Il ritratto e, insieme, l’autoritratto d’artista, sono tra i temi più ambigui, sfuggenti e complessi dell’arte, e non solo di quella contemporanea. L’ambiguità è tutta nei termini, nel primo caso ritratto/ritrarre, nel secondo autoritratto/autoritrarsi, dunque nella doppia valenza di riprodurre/riprodursi e di farsi indietro, occultarsi. La prassi del “ritrarre” e del “ritrarsi” – in una fase storica in cui, peraltro, la crisi del soggetto è un dato acquisito e nella quale la realtà è sempre più fluida e i ruoli si confondono e/o si fondono – non può che manifestarsi se non nella forma della negazione, della sottrazione o della dissimulazione e i giochi di sponda, di riflessione, di rifrazione, di distorsione e di moltiplicazione dell’io divengono più reali e coercitivi della realtà stessa. Capita così che concetti come “identità” e “alterità” e la stessa “dialettica del riconoscimento” vengano sovvertiti, scambiati o, ancora, ambiguamente contaminati. Il tema del ritratto per l’artista contemporaneo diventa, dunque – tra frammentazione dell’Io, identità plurime, intercambiabili e indefinibili, identità schizoidi e non ricomponibili – il pretesto per un processo di analisi e di autoanalisi dagli esiti quanto mai incerti.
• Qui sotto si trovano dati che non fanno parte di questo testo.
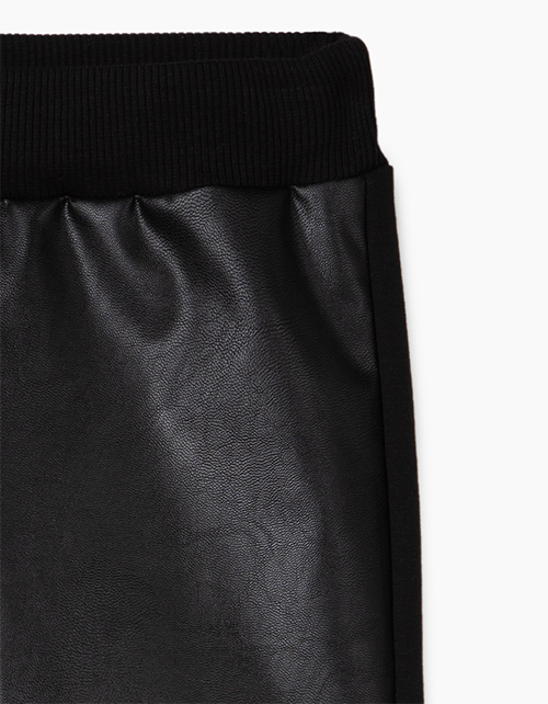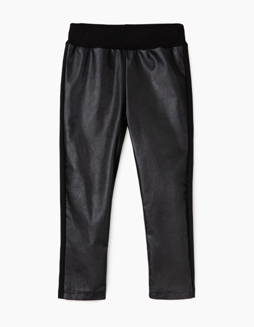 Черные брюки-леггинсы из экокожи и футера. Пояс из рибаны. Универсальное дополнение к любому "верху" из коллекции "Курносики"
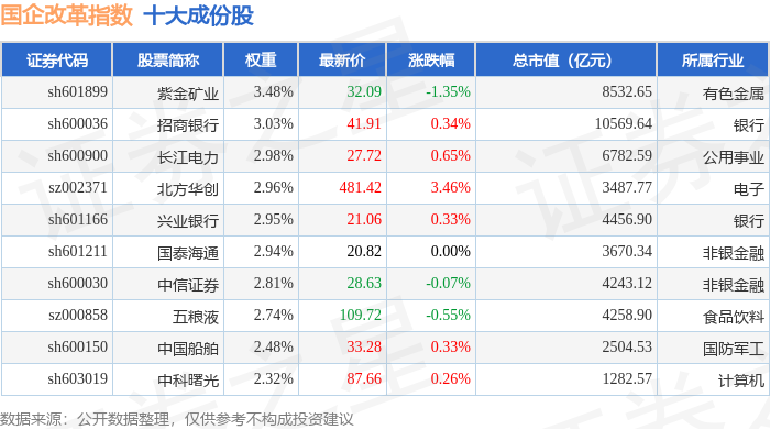 国企改革(399974)指数十大成份股详情如下:
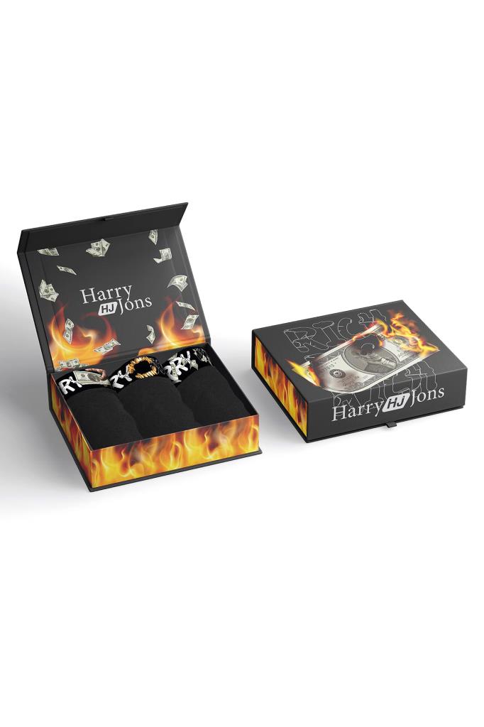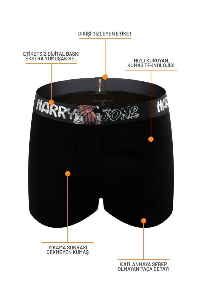 Harry Jons Rich Premium Kutulu 3 Adet Erkek Boxer Hediyelik Kutu, %95 pamuk ve %5 elastan malzemeden üretilmiştir. 3 boxerın tamamı siyah renklidir ve S, M, L, XL ve XXL olmak üzere beş farklı beden seçeneği bulunmaktadır.
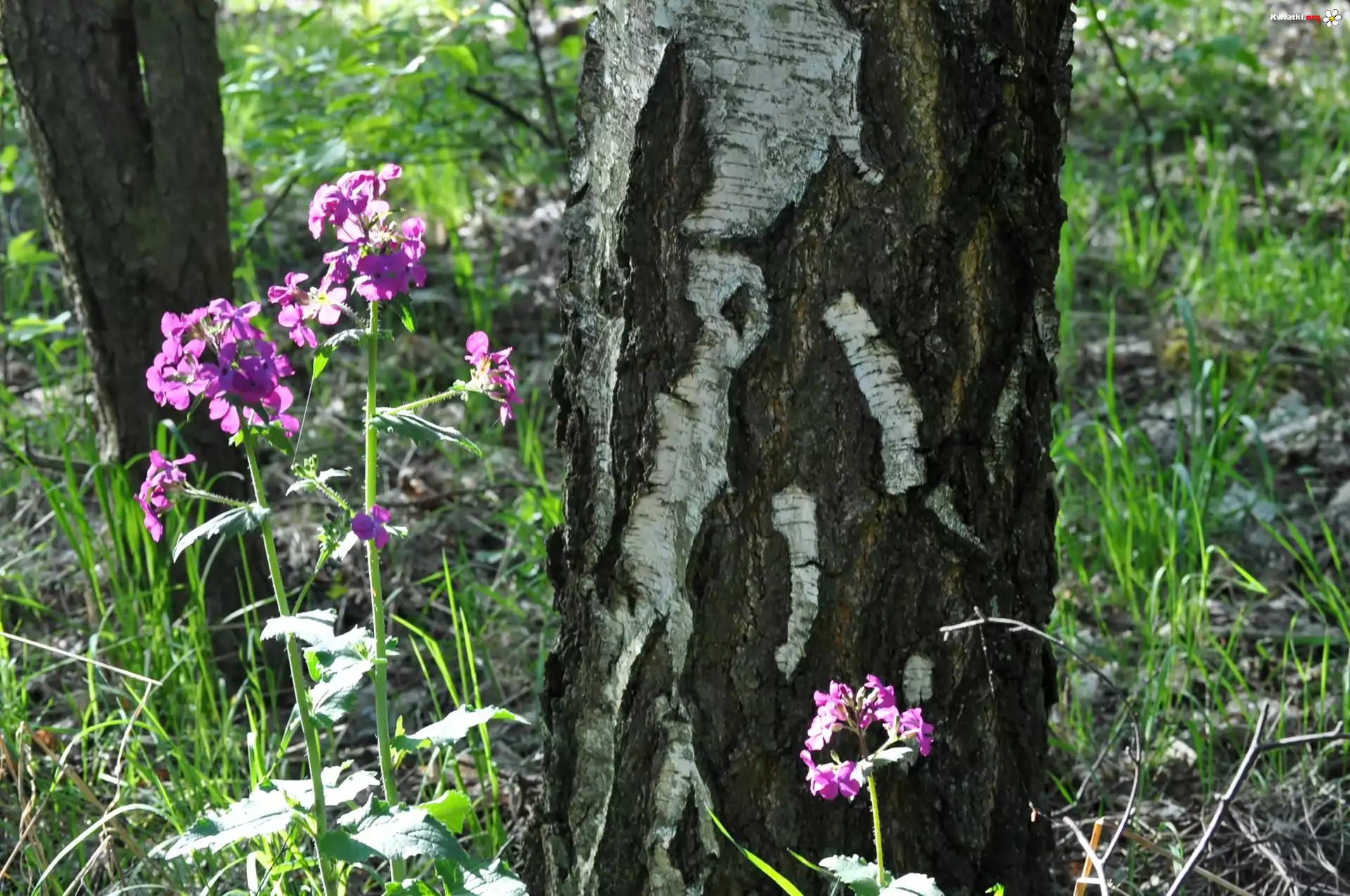 Purpurowe, Leśne, Kwiaty, Pień, Drzewa, Lunaria - Zdjęcia
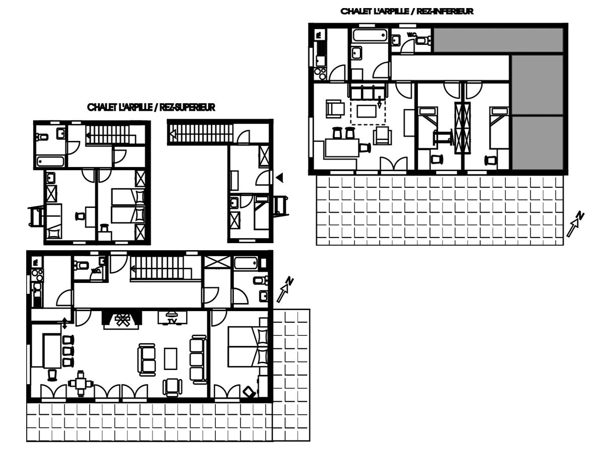Erdgeschoss : 1 Schlafzimmer mit 1 Etagenbett + Waschbecken, 2 Schlafzimmer mit 1 Etagenbett jede, 1 Wohnzimmer mit 2 „gigogne“ Betten und 1 Badezimmer/WC.

Le probabilità che un simile processo possa esasperare il narcisismo che pervade, più o meno coscientemente, il percorso individuale di ogni artista sono alte tanto da sfociare, talvolta, in un esasperato egotismo. Non è, tuttavia, un percorso scontato e spesso può condurre, viceversa, a una dolorosa analisi del profondo, a un percorso di conoscenza che proprio nel mito di Narciso trova una plausibile chiave interpretativa: innamorandosi della propria immagine, il fanciullo afferma che il viaggio conoscitivo più radicale e originario è proprio quello dentro sé stessi, seppure, nella fattispecie, la conoscenza di sé lo porterà alla morte.
In questo gioco, in sé già complesso, si inserisce un altro giocatore, capace con la sua forza di persuasione e la sua presenza incombente, di sparigliare le carte o, per restare in media res, moltiplicare e/o frantumare lo specchio di Narciso: è il collezionista, nella fattispecie Ruggero Mameli, con la sua pretesa di essere ritratto dai “suoi” artisti nelle maglie strette e talvolta perverse che intrecciano mecenatismo e narcisismo. La funzione del collezionista, essenziale per il sistema dell’arte, quando sfiora i territori abitati da Narciso, non può non confliggere e deflagrare se agli artisti viene commissionato/imposto un ritratto che, giocoforza, può o potrebbe compromettere quelle tecniche di depistaggio strategico anzidetto, pena la temuta imbalsamazione precoce sia dell’artista sia dello stesso committente. Un ritratto rappresentante, nella moltiplicazione degli specchi, anche l’artista, il sistema di potere e il rapporto di soggezione tra i due, sempre che, proprio quel depistaggio strategico, non assuma la vis dell’ironia e della dissacrazione.
Tutti gli artisti in mostra hanno interpretato il quadro/specchio come strumento non solo deputato a duplicare il mondo sensibile ma, soprattutto, come un artificio fisico e concettuale capace di rendere l’osservatore soggetto e oggetto dello sguardo. Sguardo plurimo perché è al contempo quello dell’artista e quello del collezionista: un gioco perturbante e vertiginoso, incapace di dare risposte perché in bilico tra verità e finzione, in un eterno enigma tra frantumazioni e improbabili ricomposizioni negli insondabili territori dell’irrazionale. Alla ricerca del Sé, dunque oltre l’immagine riflessa ma in fuga da Narciso e dai suoi specchi ingannevoli e fatali, nella consapevolezza che io è un altro.